During a model-design iteration of a multiple linear regression that predicts daily building energy consumption, you review the four standard diagnostic plots. The Normal Q-Q plot of standardized residuals is nearly linear, but the Scale-Location (spread-location) plot displays a pronounced fan shape in which the spread of residuals widens as the fitted values increase. Based on this evidence, which action should you prioritize in the next model iteration?
Standard-scale all predictor variables to zero mean and unit variance and then refit the ordinary least-squares model.
Remove observations with large Cook's distance values to reduce leverage effects before refitting the same model.
Introduce higher-order polynomial terms for each predictor to capture possible non-linear relationships.
Refit the model using a variance-stabilizing transformation (such as a log or Box-Cox) or weighted least squares to make the residual variance approximately constant.

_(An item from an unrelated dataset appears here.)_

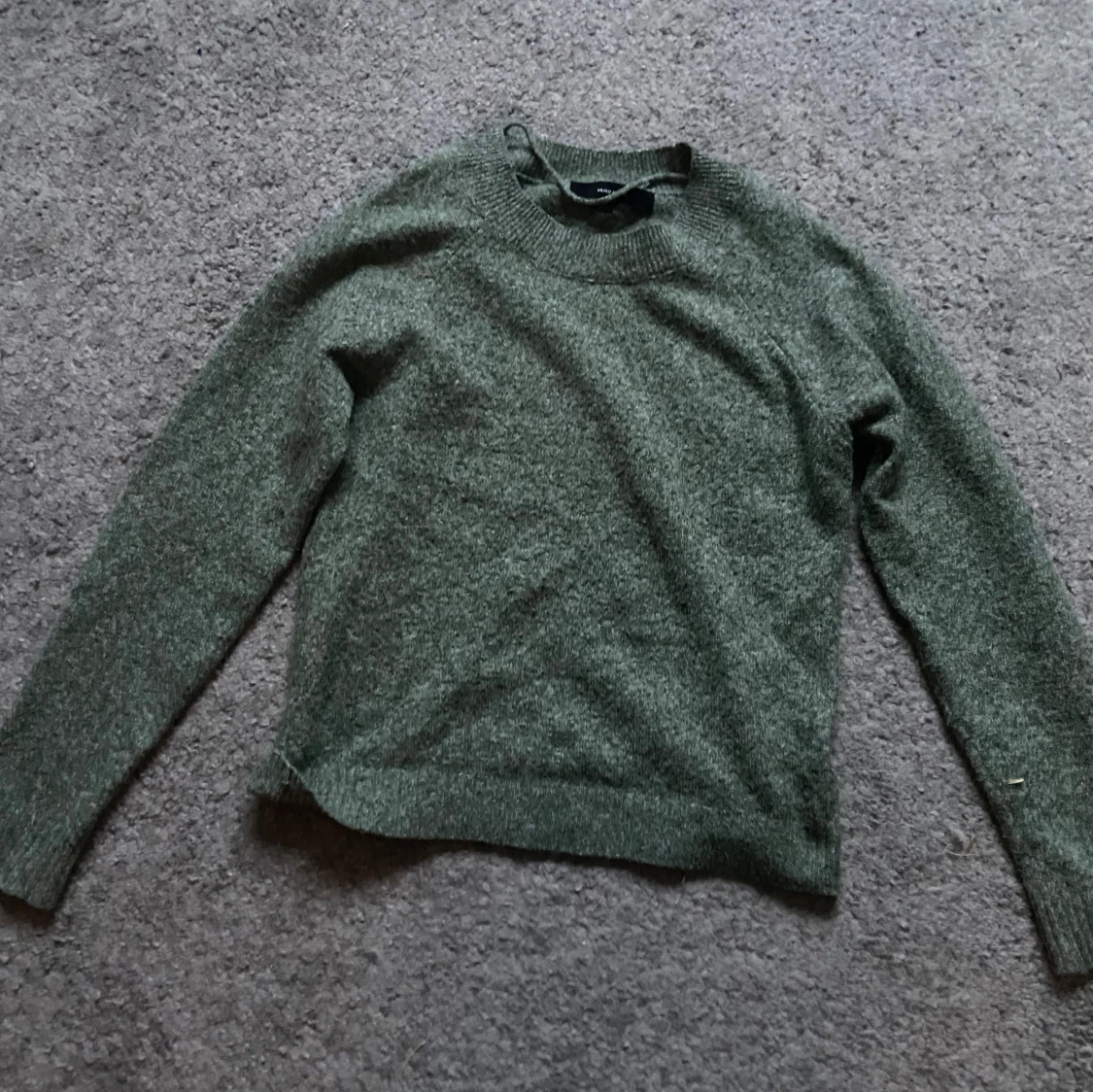 Säljer en grön stickad tröja från vero moda då den inte kommer till användning! Endast använd fåtal gånger och perfekt för våren!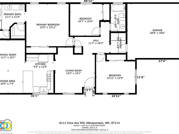 - Total interior livable area: 1,419 sqft

A fan-shaped Scale-Location plot indicates heteroscedasticity-error variance grows with the predicted value. The most direct way to remove this violation of the homoscedasticity assumption is to transform the response with a variance-stabilizing transformation (for example, a log or Box-Cox power transform) or to refit the model with weighted least squares so that observations with larger error variance receive less influence. Adding polynomial terms targets non-linearity rather than unequal variance, deleting high-leverage points deals with influence not heteroscedasticity, and merely standardizing predictors leaves the residual variance pattern unchanged. Therefore, the transformation or heteroscedasticity-aware re-estimation is the correct next step.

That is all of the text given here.